Strongman: This is far from the first time Trump has asserted arbitrary power over business decisions. Think tariffs, tax carveouts for certain industries, and his attacks on individual firms that he views as rebellious or insufficiently obedient.
Few Byrds With One Stone: The Senate parliamentarian has removed several controversial parts of the “Big Beautiful Bill” finding them in violation of the so-called Byrd Rule. Among the provisions that will be removed: defunding the Consumer Financial Protection Bureau and Office of Financial Research; reducing the pay of Federal Reserve staff; eliminating the Public Company Accounting Oversight Board; and the repeal of vehicle emissions standards set by the Inflation Reduction Act.
More to Come: The parliamentarian has yet to decide if several other controversial provisions will remain in the bill. These include defunding Planned Parenthood; putting a 10 year moratorium on new regulations for AI; and a provision that would protect Trump officials from contempt findings in court.
What’s Next: Under the Byrd Rule, only matters directly related to the budget may be included in certain budget bills. The parliamentarian rules on whether specific provisions meet that test. Republicans could technically force the nixed provisions through with 60 votes, but that would require Democratic votes — so once nixed, the items are out.
Cut Confirmed: House Republicans voted to confirm $9.4 billion in DOGE cuts to foreign aid and public broadcasting, making these reductions permanent. The measure seemed set to fail, but at the last minute House Speaker Mike Johnson (R-LA) pulled a couple moderate Republicans aside and convinced them to vote yes. What exactly he promised them is unclear, but is likely related to state and local tax breaks in the “Big Beautiful Bill.”

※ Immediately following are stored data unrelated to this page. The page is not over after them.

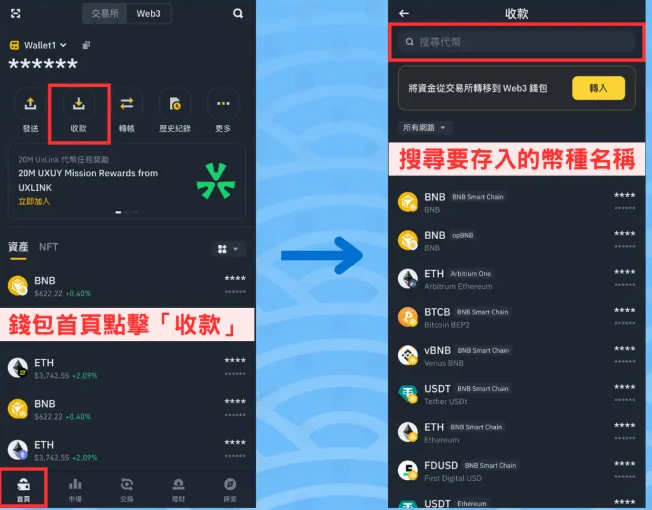 要将加密货币存进币安Web3钱包,首先进入钱包"首页",点击"收款",接着搜寻你要存入的币种名称,取得存币地址。记得要选到对的"币种"跟"主链/网络"。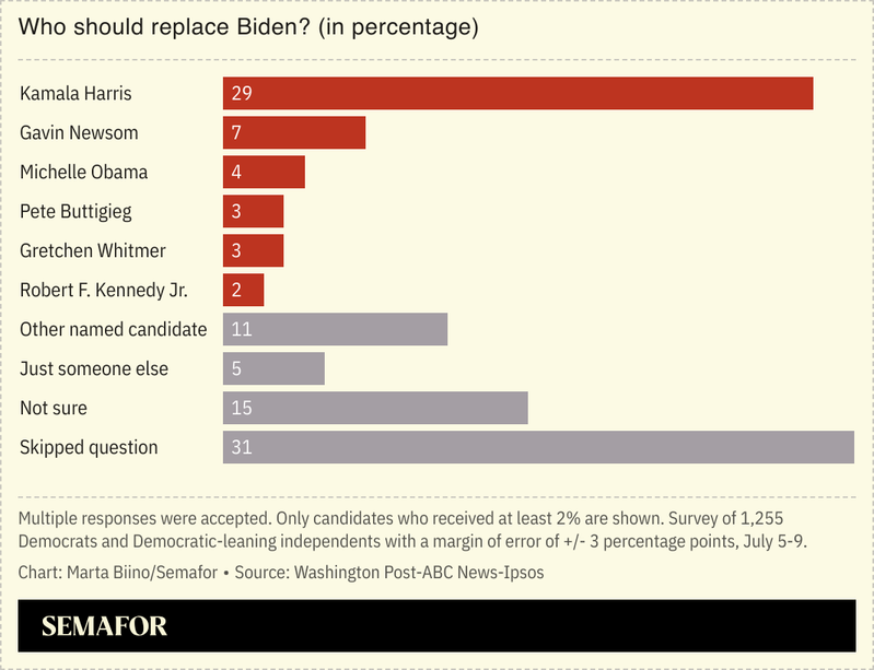 Harris is a bigger proponent of action on the environment than Biden, Bloomberg noted: She proposed a $10 trillion climate deal and backed the Green New Deal when she ran as a candidate in 2020, and vowed to ban fracking. She has also become a key voice in the abortion rights movement — a strong voter issue for the Democrats nationally. After the 2020 murder of George Floyd, she also introduced laws to ban police chokeholds and no-knock warrants, reform qualified immunity, and establish a national standard for use of force. But as an attorney general, she also supported California’s death penalty, which drew criticism from progressives, Semafor’s Morgan Chalfant noted. She’s also been a vocal supporter of student debt relief.
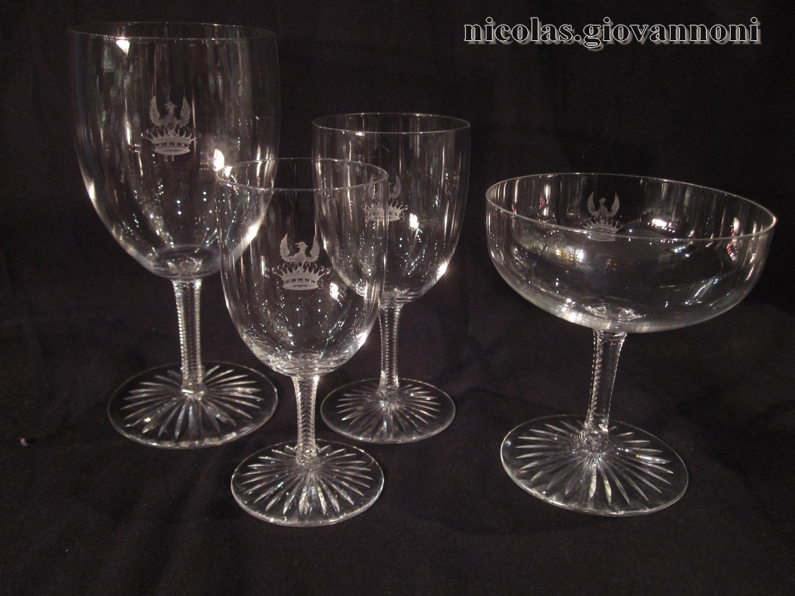 22 verres à eau, 16 à vin rouge, 6 vin blanc, 18 coupes à Champagne, 3 carafes. Crista ... |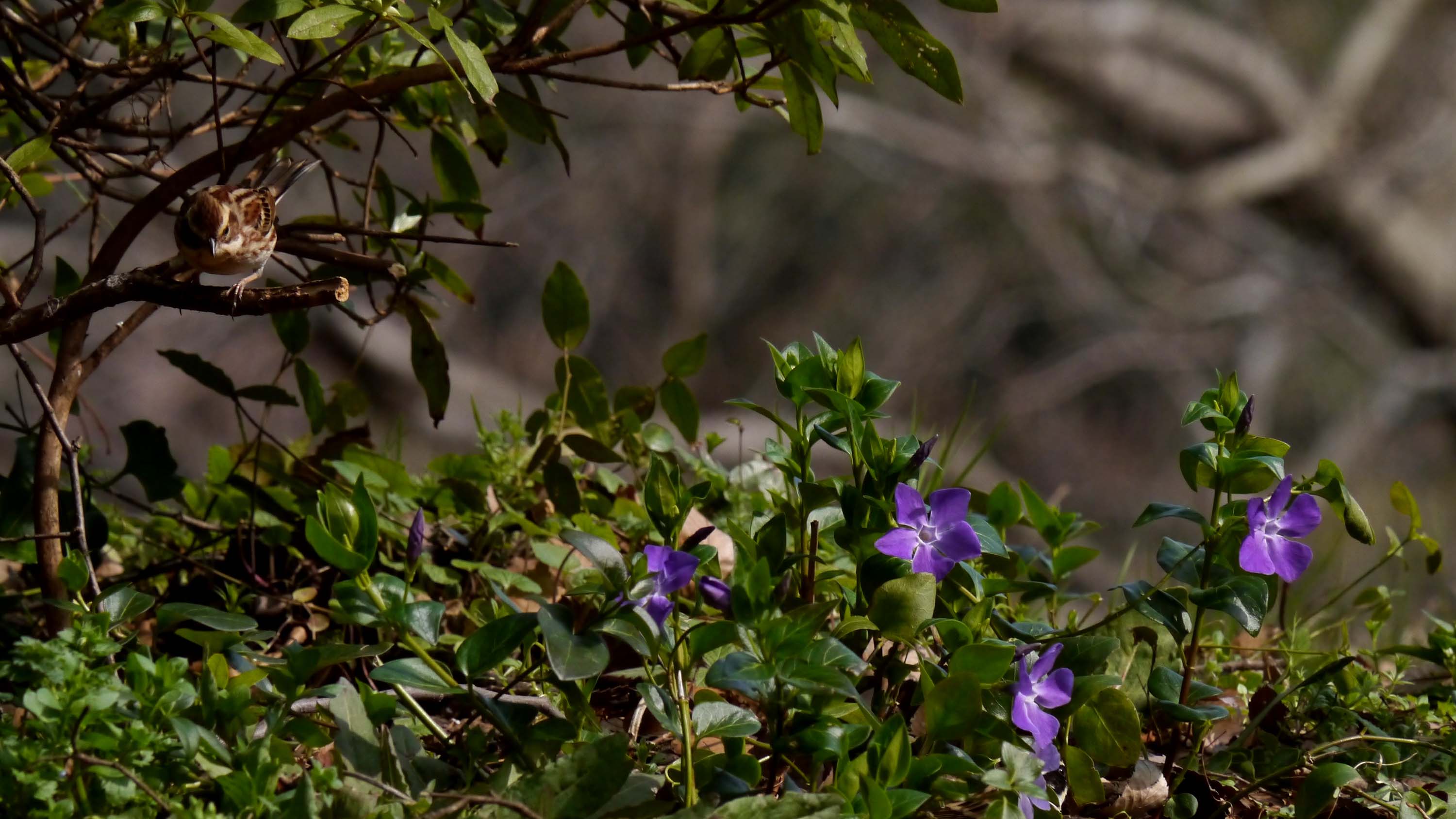ヤマガラハウスに咲くツルニチニチソウ。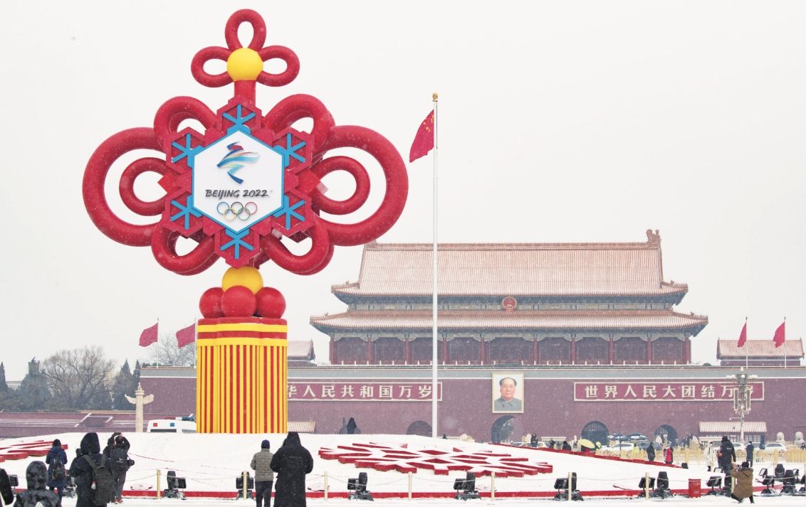 1月20日,北京迎来2022年首场降雪,民众在雪中游览北京天安门广场。 图片来源 视觉中国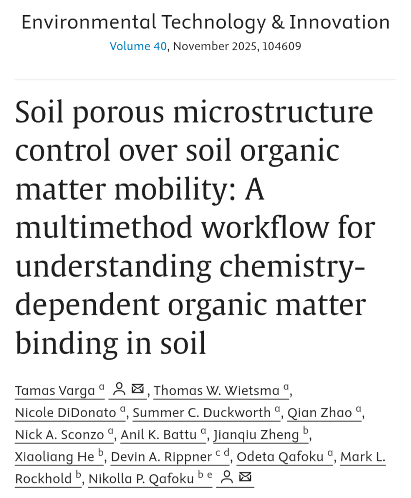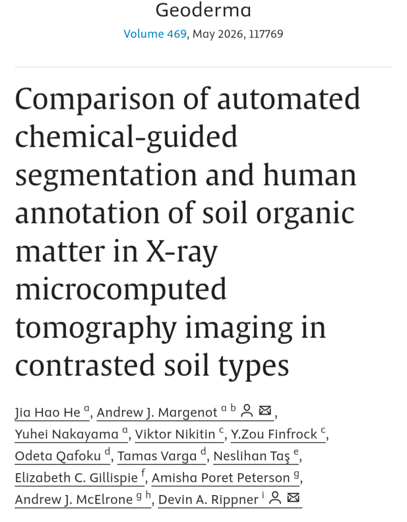 The lab is investigating processes that lead to aggregate formation and soil carbon storage using synchrotron based X-ray computed tomography, scanning electron microscopy, and Fourier transform infrared spectro-microscopy.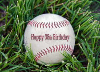 38th Birthday-close up of a used baseball in grass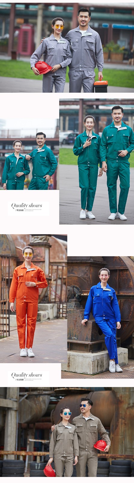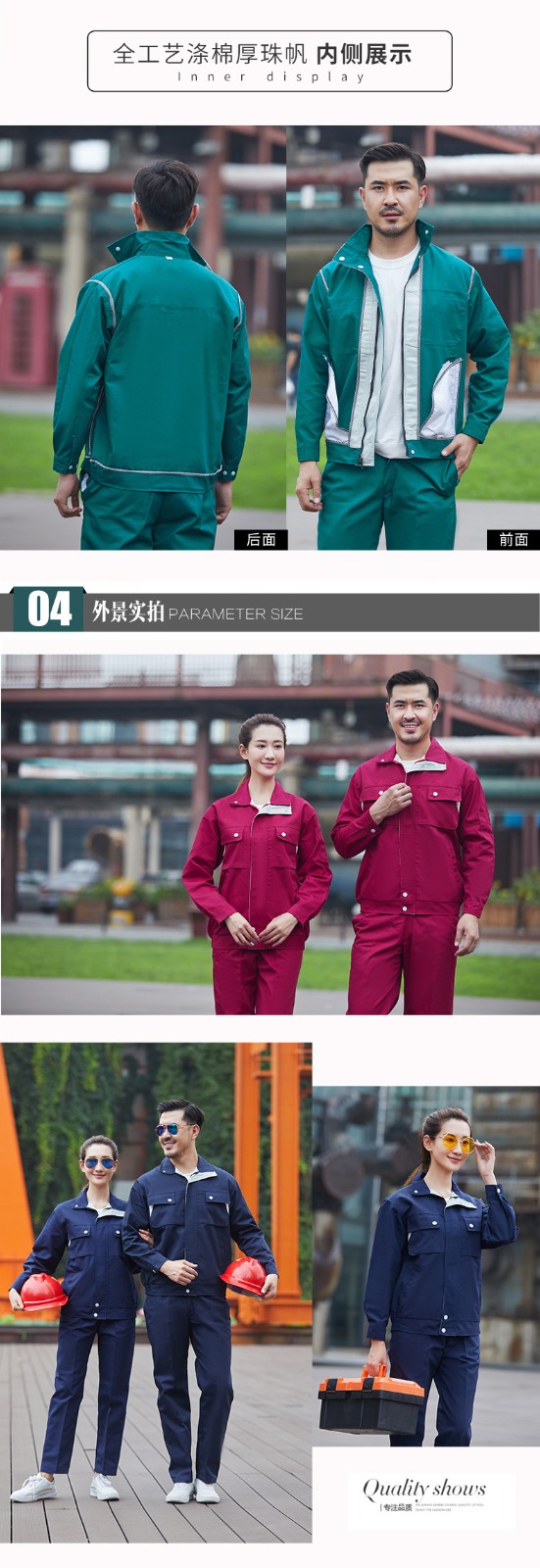 • 商品名称:君御JY-W909春秋全工艺涤棉厚珠帆拼色耐磨工作服套装绿色
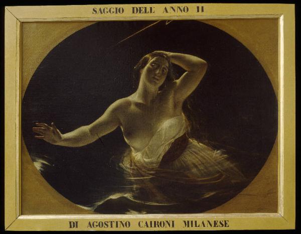 - NOTIZIE STORICO CRITICHE La tela non ha una datazione certa; si presume sia stata eseguita poco prima del 1850, data di acquisizione del dipinto in Accademia. Già nel 1845, Induno aveva presentato a Brera un dipinto avente lo stesso soggetto che riscosse molti successi in virtù della sua "sublimità". Caironi replica Induno, semplificando la composizione concentrandosi su un'unica figura e affidando l'effetto del dipinto ad un gioco di luce plumbea. Per questi effetti, il richiamo più vicino è al dipinto di Brjullov, "L'ultimo giorno di Pompei", che non passò affato inosservato alle Esposizione di Brera nel 1833.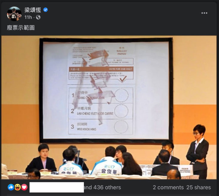 他指出有兩大作用,第一可以跟同路人展示大家的心還在的機會,「能力範圍許可下又何樂而不為?」。第二則是讓全世界看見香港人,他指出人關注的事情有限,他指出短時間内香港不太可能發起一波大型抗爭,若果投廢票低成本又可以比人見到,「其實無壞呀」。他其後更上載多一張當年新聞圖片,「示範」廢票的樣子。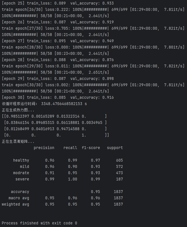 从这张混淆矩阵热力图可以看出,模型在分类任务中表现优异。健康类别的预测准确率为99%,轻度和严重病症的分类准确度分别为90%和95%。尽管存在少量误分类,尤其是轻度与健康、轻度与严重之间的混淆,但模型在严重病症识别上几乎完美。整体而言,模型表现出较强的准确性和良好的泛化能力。
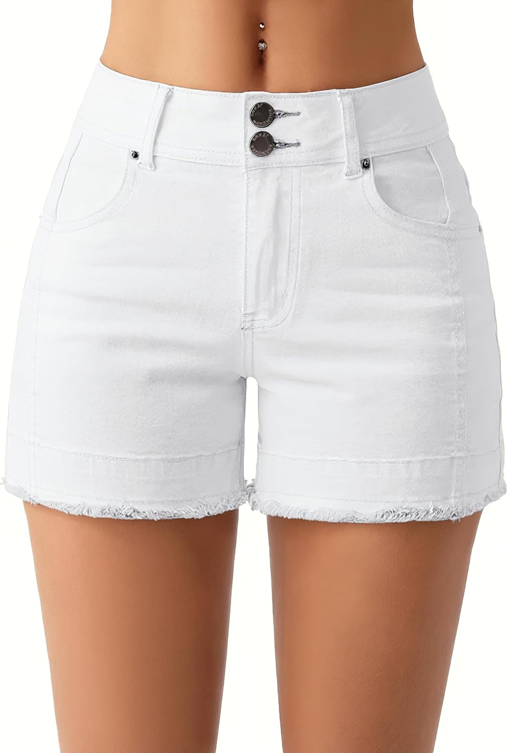 roswear Women's High Waisted Stretchy Frayed Hem Summer Denim Jean Shorts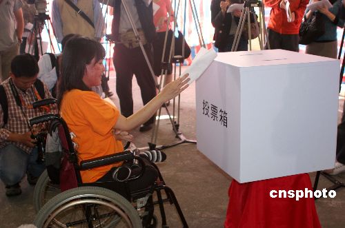 圖:臺(tái)灣慈善團(tuán)體輔導(dǎo)殘疾人投票

Real Cost: The $9.4 billion figure includes funds for USAID. You can read more about what USAID does here and the impacts of the administration’s attack on it here. To add yet another, more recent example to the list: Cuts to foreign aid have caused food rations to be halved in one of Africa’s largest refugee camps, which houses some 300,000 refugees.
Context: Remember, DOGE cut money approved by Congress. DOGE lacked the authority to rescind the spending. So this vote gives Congressional approval to DOGE’s efforts to claw back the funding. It’s a rarely used tool called “rescissions.” Lawmakers will need to vote on similar rescissions packages to confirm other DOGE cuts.
Size Matters: For context, Elon Musk and DOGE originally promised $1 trillion in cuts this year. This package is 0.94% of that.
What’s Next: The Senate needs to vote for the rescissions package by July 18 at the latest. They likely won’t get to it until after the “Big Beautiful Bill” is dealt with. And some Senate Republicans are unsure. Sen. Susan Collins (R-ME), for example, said that she’s “made it very clear that I do not like the cuts in the global health programs.”
Two Weeks To Midnight: Trump will decide whether to go to war with Iran “within two weeks,” the White House said yesterday. Why the delay? The White House says that’s because officials believe “there is a chance for substantial negotiations” with Iran. Second, the administration is worried a military engagement could lead to another forever war in the Middle East. Third, officials are unsure whether strikes would actually destroy Iran’s nuclear enrichment capacity. (Some experts argue it would only set the program back by a couple years.)